### WHAT THE TASK ASKS
Begin the copy at the line containing "na idealne dopasowanie" in the data below and end it at the line containing "বাংলাদেশ হোসিয়ারি অ্যাসোসিয়েশনের", keeping each line exact and leaving out pictures.
* * *
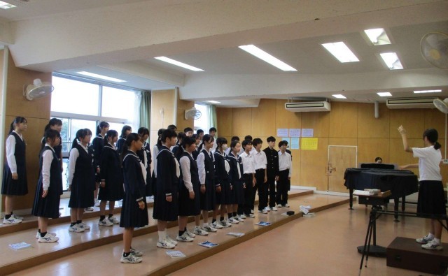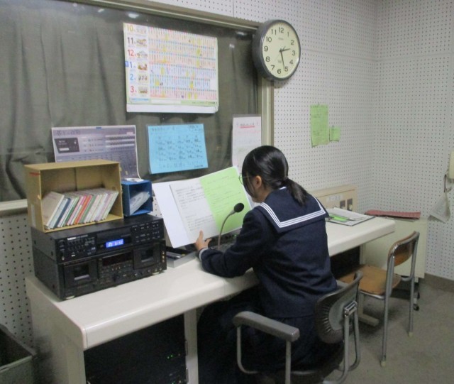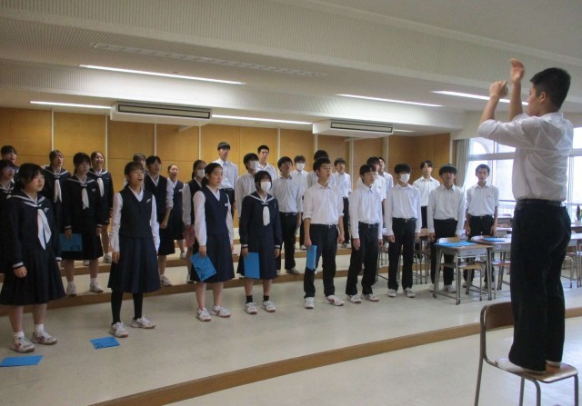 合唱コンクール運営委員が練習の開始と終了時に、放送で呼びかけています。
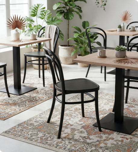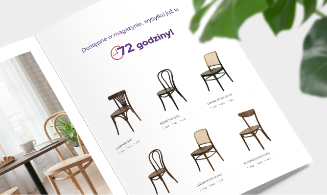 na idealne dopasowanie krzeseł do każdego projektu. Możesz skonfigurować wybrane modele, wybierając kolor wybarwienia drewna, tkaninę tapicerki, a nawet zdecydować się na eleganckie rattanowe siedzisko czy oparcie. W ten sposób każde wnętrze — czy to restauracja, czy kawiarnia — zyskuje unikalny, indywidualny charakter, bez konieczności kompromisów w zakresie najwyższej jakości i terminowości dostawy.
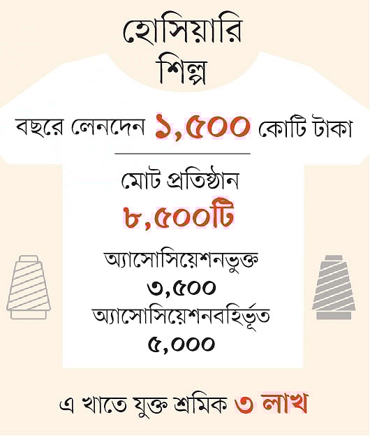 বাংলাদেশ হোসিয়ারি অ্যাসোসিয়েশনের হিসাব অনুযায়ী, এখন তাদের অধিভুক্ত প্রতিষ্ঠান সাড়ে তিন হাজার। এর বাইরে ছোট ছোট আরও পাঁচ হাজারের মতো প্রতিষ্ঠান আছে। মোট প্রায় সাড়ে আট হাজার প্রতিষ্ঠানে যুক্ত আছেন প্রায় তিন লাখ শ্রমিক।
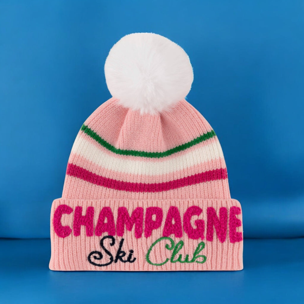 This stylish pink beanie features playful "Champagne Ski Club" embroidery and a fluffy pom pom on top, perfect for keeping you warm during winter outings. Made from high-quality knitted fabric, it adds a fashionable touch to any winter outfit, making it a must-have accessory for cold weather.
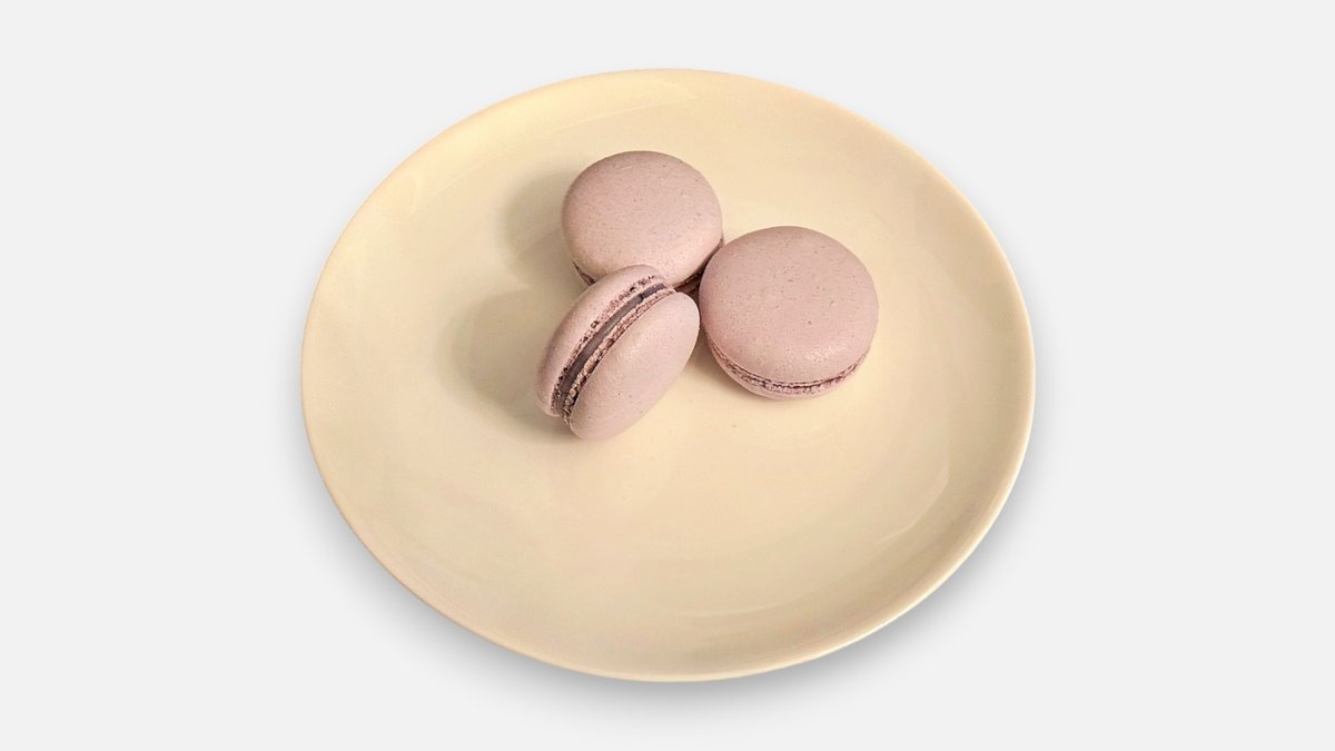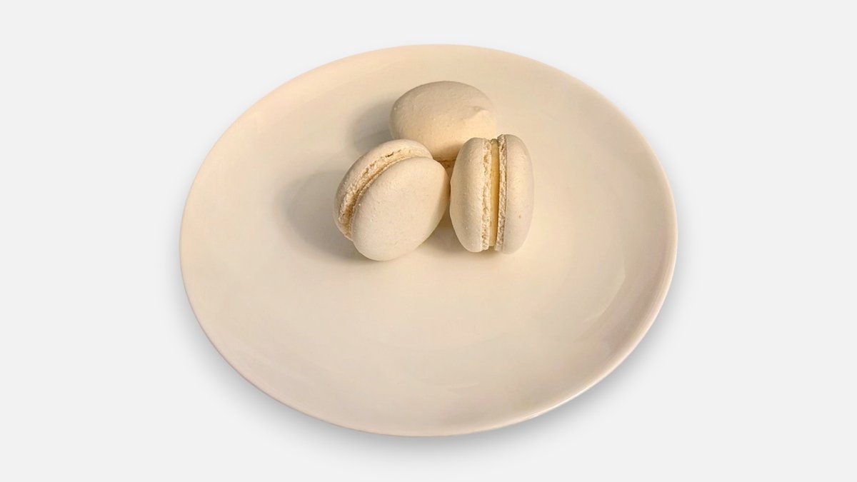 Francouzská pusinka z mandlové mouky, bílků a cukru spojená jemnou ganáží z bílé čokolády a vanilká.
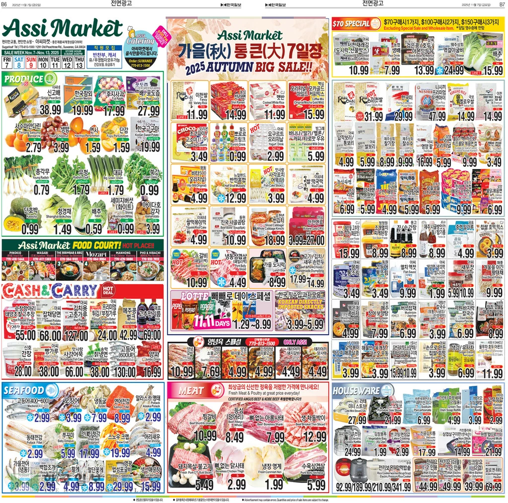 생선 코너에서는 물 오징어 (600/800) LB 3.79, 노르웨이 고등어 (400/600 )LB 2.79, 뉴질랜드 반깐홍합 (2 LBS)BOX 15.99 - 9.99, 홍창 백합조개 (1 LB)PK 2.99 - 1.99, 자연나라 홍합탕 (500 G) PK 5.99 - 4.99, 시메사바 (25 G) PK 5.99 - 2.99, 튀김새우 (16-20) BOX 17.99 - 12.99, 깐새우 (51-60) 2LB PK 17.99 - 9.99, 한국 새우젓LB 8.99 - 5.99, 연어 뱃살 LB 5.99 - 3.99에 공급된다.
* * *
### RESPONSE
 na idealne dopasowanie krzeseł do każdego projektu. Możesz skonfigurować wybrane modele, wybierając kolor wybarwienia drewna, tkaninę tapicerki, a nawet zdecydować się na eleganckie rattanowe siedzisko czy oparcie. W ten sposób każde wnętrze — czy to restauracja, czy kawiarnia — zyskuje unikalny, indywidualny charakter, bez konieczności kompromisów w zakresie najwyższej jakości i terminowości dostawy.
 বাংলাদেশ হোসিয়ারি অ্যাসোসিয়েশনের হিসাব অনুযায়ী, এখন তাদের অধিভুক্ত প্রতিষ্ঠান সাড়ে তিন হাজার। এর বাইরে ছোট ছোট আরও পাঁচ হাজারের মতো প্রতিষ্ঠান আছে। মোট প্রায় সাড়ে আট হাজার প্রতিষ্ঠানে যুক্ত আছেন প্রায় তিন লাখ শ্রমিক।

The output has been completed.